This strategy of resistance will be most effective within relatively simple environments. The aim is to become the biggest fish in the pond so that nothing will affect you. This will work in both quite simple and complicated environments as long as the whole environment is relatively stable. In order to be able to resist change, the system needs to be in control all the time. In order for a centralized linear regulatory system to be in control it must remove disorder from the system. If it has a linear model of the system and environment it is regulating, it will try to linearize the system in order to have greater control and robustness. To the extent that the control process and the model that guides this process is accurate and reliable, control itself delivers stability, robustness and the capacity to resist change, which is one method of ensuring critical functionality and the system’s preservation.8
In more complex environments, where any one component is just a small fish in a big pond, this strategy will have its limitations. In such a context the whole landscape may change and no component within it will be able to resist a systemic shock.9 Here we are going to need a different strategy, that of adaptation. Adaptation is the capacity of a system to change its state in response to some change within its environment.10 Resilience through adaptation means being able to generate a variety of states depending on the context. Because the system needs to exhibit different states at different times, there needs to be some differentiation between the system’s core function – that will remain invariant – and the different states that it will generate depending on the context – which will have to change. This is different to our previous model where the system was simply the set of components, in particular, the large dominant nodes that were too big to fail, because they ran the organization. With adaptation in contrary, because the system has to change and adopt new states depending on the context, any component in the system has to be disposable. In this model, the system cannot be dependent upon any instance of its states but is capable of letting them go and generating new ones as the context changes.
As such, this adaptive approach to resilience is concerned with the maintenance of core functionality rather than the preservation of specific system’s components. Unlike in our previous model where we were trying to stamp out any small disturbance at its source, with adaptive resilience we are saying quite the contrary, that the system needs disturbances in order to maintain and develop its adaptive capabilities, which is ultimately the only thing that is going to ensure its long-term survival within a complex environment. Without disturbance, components become fixed into a specific configuration that will reduce the system’s capacity to let them go and generate different configurations as needed to adapt. A corollary to this is that when the system is left static or without significant perturbation for a prolonged period, components will become increasingly tightly coupled in order to reduce friction and cost of transactions. As the network becomes more tightly coupled, the important buffers that mitigate failure propagation are reduced. This is all summarized in Hyman Minsky’s main insight that “stability is destabilizing.”11
Because of all of this, the adaptive approach focuses its interventions more on adapting to major disturbances, whilst allowing small and moderate disturbances to run their course. This approach would avoid stamping out the disturbance at its origin and focuses its attention on reducing the wider impact of the disturbance on the macro economy. But equally, the system can only deal with so many shocks of such a large magnitude. If they become too great, they will damage the network’s critical functionality and its capacity for sustainable development.

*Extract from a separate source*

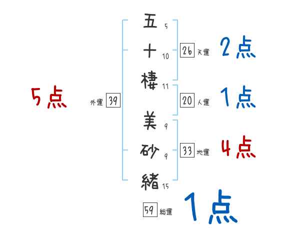 外運![]() | 五十棲美砂緒さんの外運は39画の5つ星!社交性に優れ人望が厚い。人の上に立ち成功する。 生活面を象徴する運勢です。外部から受ける影響力を表し、結婚運、家庭運や職場、環境への順応性を表します。 |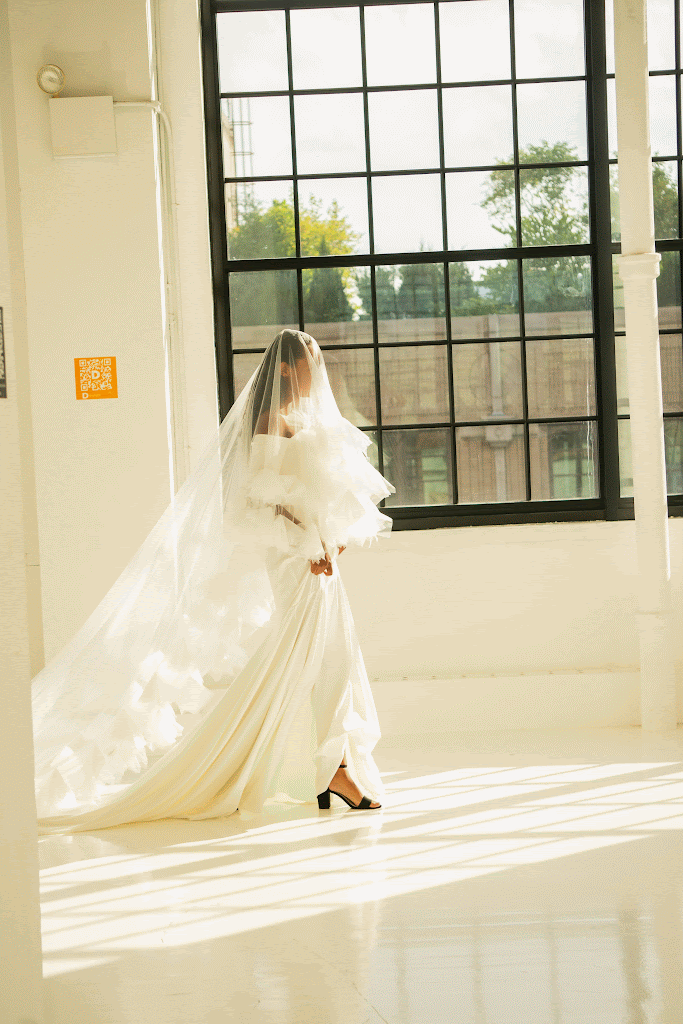 With its flowing silhouette and intricate details, this bridal gown resonates with the heart of Nouvelle Productions’ NYFW presentation. By pairing this modern-day fairy-tale design with soft, natural light filtering through industrial windows, the production team allowed the gown to take center stage, embodying the fusion of tradition and contemporary artistry.

This is most clearly expressed within ecology by what is called the intermediate disturbance hypothesis, IDH for short. IDH is a non-equilibrium model used to describe the relationship between disturbances and species diversity within an ecosystem where diversity is correlated to the system’s long-term resilience. IDH posits that local species ‘diversity is maximized when ecological disturbance is neither too rare nor too frequent. At high levels of disturbance, due to for example frequent forest fires or human impact, all species are at risk of going extinct. At low levels of disturbance, competitive exclusion increases leading to a decrease in species diversity. Thus, at intermediate levels of disturbance, diversity is maximized.’12
Order & Chaos
Adaptive resilience is seen to exist at an interplay between order and chaos, what is called the edge of chaos. Whereas the resistance strategy will work best in orderly and stable environments, adaptive systems are normalized for operating within volatile and semi-chaotic environments, what business management calls VUCA environments, standing for volatility, uncertainty, complexity, and ambiguity.13 VUCA is a key characteristic of the 21st-century economic environment due to a number of factors, such as technology disruption and environmental change.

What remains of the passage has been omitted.